▶ **What is needed**
The listing is to be repeated exactly, and its pictures are to be left out.

##### Supplied material

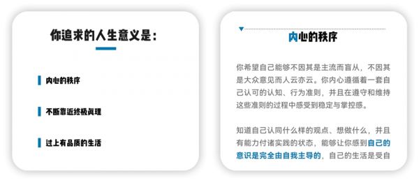 既然这是一个很重要、绕不开的人生议题,但独自思考又容易怀疑人生。不如借助一些工具帮我们找到答案,KY测评自主研发的【人生意义梳理测评】就是这样的工具,我们通过访谈、文献搜集总结了13种具有代表性的人生意义,再通过迫选题的形式,在一道道题目中进行对比分析(很多时候我们只有通过对比才知道自己真正舍弃了什么,重要的那个才会凸显出来),帮你觉察到人生意义的答案。
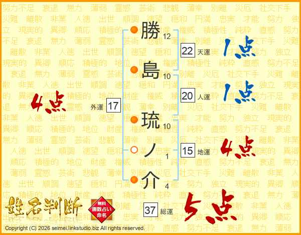 勝島琉ノ介さんの総運は37画の5点!
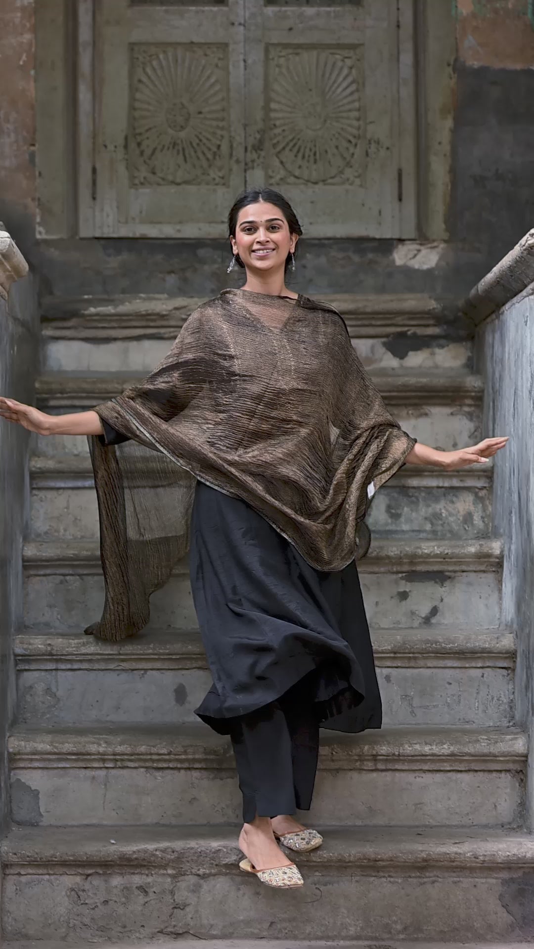 Understated elegance in black—A-line cut with M.Emb + khat work and a sharp V-neck.
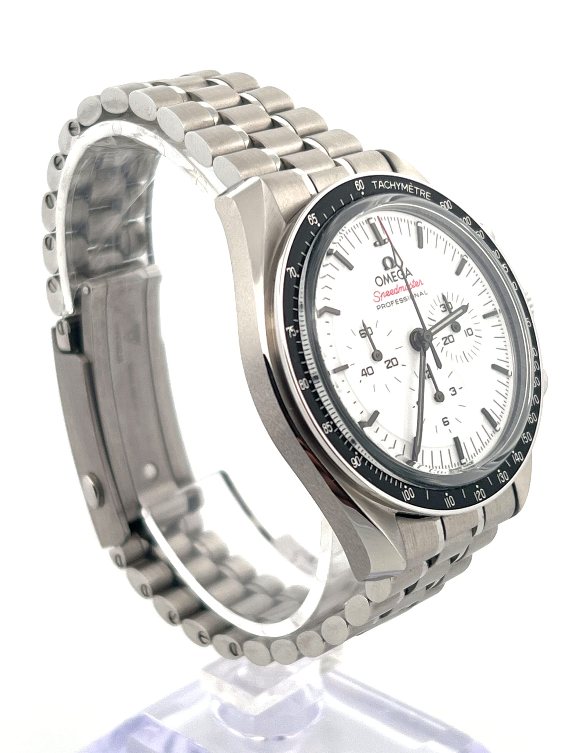 Remarks – From an ownership perspective, this example offers the appeal of a modern Speedmaster that feels both collectible and highly wearable. Being dated 2024, complete, and in mint condition, it presents itself as a strong example for collectors who want the reassurance of the latest generation Moonwatch while enjoying a configuration that stands apart from the traditional black dial standard. It remains versatile enough for daily wear while carrying enough individuality to hold interest within a collection. For collectors who appreciate the Moonwatch not only for its history but for how it continues to evolve thoughtfully, this white dial reference represents a confident and well-balanced modern chapter.

##########

▶ **Finished task**
 既然这是一个很重要、绕不开的人生议题,但独自思考又容易怀疑人生。不如借助一些工具帮我们找到答案,KY测评自主研发的【人生意义梳理测评】就是这样的工具,我们通过访谈、文献搜集总结了13种具有代表性的人生意义,再通过迫选题的形式,在一道道题目中进行对比分析(很多时候我们只有通过对比才知道自己真正舍弃了什么,重要的那个才会凸显出来),帮你觉察到人生意义的答案。
 勝島琉ノ介さんの総運は37画の5点!
 Understated elegance in black—A-line cut with M.Emb + khat work and a sharp V-neck.
 Remarks – From an ownership perspective, this example offers the appeal of a modern Speedmaster that feels both collectible and highly wearable. Being dated 2024, complete, and in mint condition, it presents itself as a strong example for collectors who want the reassurance of the latest generation Moonwatch while enjoying a configuration that stands apart from the traditional black dial standard. It remains versatile enough for daily wear while carrying enough individuality to hold interest within a collection. For collectors who appreciate the Moonwatch not only for its history but for how it continues to evolve thoughtfully, this white dial reference represents a confident and well-balanced modern chapter.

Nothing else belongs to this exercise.